Though they walked off the first game of the series, the next two contests represented a wake-up call for a Yankees team that had been cruising from one win to the next up to that point. In the second game of the series, Justin Verlander humbled the Yankees lineup to the tune of one run on four hits. The next day, Cristian Javier struck out 13 in seven innings, and he Hector Neris, and Ryan Pressly combined to no-hit the Yankees for the first time in 19 years.

These two games seemed to rattle the Yankees awake from their unconscious start to the season. Victories no longer came to the team at such a dizzying rate, almost as if the team had to learn how to win again. And always, there was that nagging reminder that the Yankees would have to go through these Astros to make it to the World Series.

4. Gerrit Cole’s meltdowns

When you’re billed as one of the best starting pitchers in baseball, as Gerrit Cole is, there’s the expectation that you will pitch at that level. That was not the case for the Yankees ace in 2022, as he finished with a 3.50 ERA that was only 11 percent better than league average, an MLB-leading 33 home runs surrendered, and finished as just the 23rd-most valuable pitcher with 3.3 fWAR. And as we’ve covered ad nauseam over the past few months, much of this underperformance arose from his issues with the big inning.

Cole had five starts where he gave up at least four runs in a single inning. He struggled immensely with making mid-inning adjustments that could stem the tide and stop the bleeding, instead attempting to bully his way out of frames which often led to multiple home runs being served up. Acknowledging all of this, the Yankees could not have asked for much more from Cole in the postseason, but it’s still important to recognize the bad with the good.

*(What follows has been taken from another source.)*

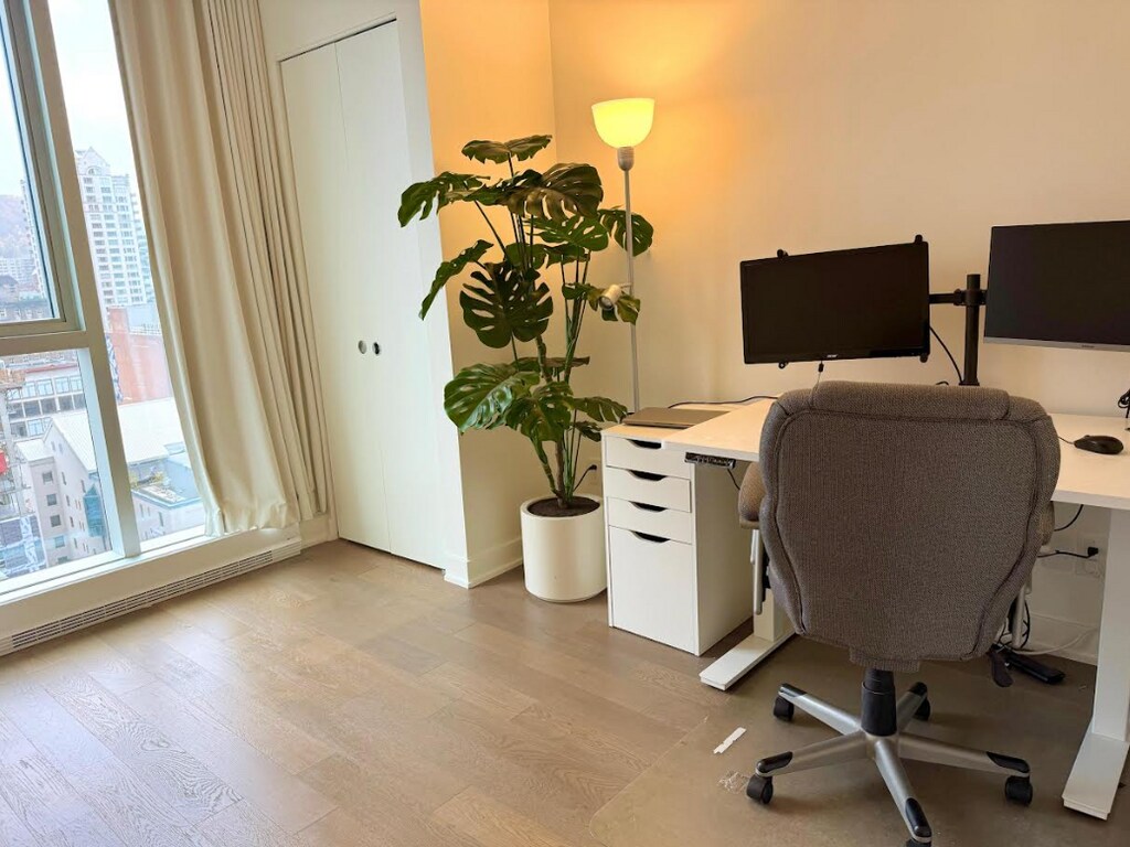 Stunning Corner Unit Condo - Bright & Located in the Heart of Downtown! Unit # 1201 Experience the Exceptional! Discover this magnificent 2-bedroom condo nestled in the vibrant core of Downtown, the ideal location for a dynamic, comfortable, and urban lifestyle. Enjoy the unparalleled privacy and brightness of this corner unit, flooded with natural light throughout the day. Key Features and Unmissable Amenities: Abundant Natural Light: Windows on two sides maximize sunlight and create a warm, inviting atmosphere. Panoramic Balcony: Relax on your spacious private balcony offering a breathtaking and majestic view of Mount Royal – the perfect spot for your morning coffee or an evening aperitif. Prime Location: Located literally in the heart of Downtown, your new home puts you close to everything Montreal has to offer. Unbeatable Accessibility: Walk just 5 minutes to access three different Metro stations, connecting you quickly to the entire city. Luxury Amenities: Enjoy direct access to a modern gym and a refreshing swimming pool for your daily well-being. Parking Included: A major asset downtown! One parking space is included for your peace of mind.
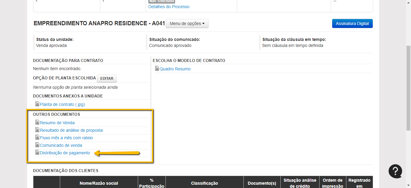 Na tela de "impressão de documentos" que é quando a venda está com o status de "Venda Aprovada" no canto inferior esquerdo tem uma área "Outros Documentos" conforme print abaixo, terá um documento "Distribuição de Pagamento". Esse documento significa que a distribuição de pagamentos dessa venda já está definida, clicando nele irá abrir a "Memória de Cálculo" conforme marcado na segunda imagem será descrito os favorecidos dessa venda e as suas comissões.

3. Bullpen caves in at worst possible time

Heading into the postseason, the Yankees bullpen was depleted relative to its peak, but it was still seen as one of the strengths of the team. Then in the final week of the regular season, disaster struck. The team lost Scott Effross and Ron Marinaccio in quick-fire fashion to Tommy John surgery and a leg fracture respectively. Then came news that Aroldis Chapman had quit on the team, opting to remain in Miami rather than fight to earn a spot on the postseason roster. The loss of these players on top of the absences of Michael King, Chad Green, and Zack Britton was too much to overcome, as inexperienced players were asked to step into huge spots and got exposed.

2. Second half collapse

Seemingly initiated by the curse of the trade deadline (Curse of the Gumballo as I like to call it), the Yankees followed up their historic first half with a prolonged second-half slide that threatened to wipe out a 15.5-game lead in the division. Sending Joey Gallo and Jordan Montgomery away at the deadline felt like it put a hex on the team for those of us who may be of a superstitious persuasion. From August 2nd onward, they finished the season 29-29, a stretch that included a sweep by the Cardinals, a putrid 3-14 streak, and a 1-6 record during a West Coast road trip that should have included easy series wins over the A’s and Angels. They did finish the season 20-9 to comfortably win the AL East, but many of the issues that precipitated such a poor second half would go on to plague the team in the postseason.

1. Swept by the Astros in the ALCS

Facing the Astros in the ALCS for the third time since 2017 was always going to be a stern test, but I don’t think anyone saw the Yankees getting so outclassed en route to being swept in four games. They didn’t exactly put themselves in a prime position to win by scoring four runs across the first three games of the series, and even when they did score in Game 4, poor pitching and sloppy defense were there undoing. And as if fate had one final twist of the dagger for Yankees fans, the final play of the ALCS saw Aaron Judge softly ground out — emblematic of his immensely disappointing postseason performance — in what could be his final at-bat in pinstripes.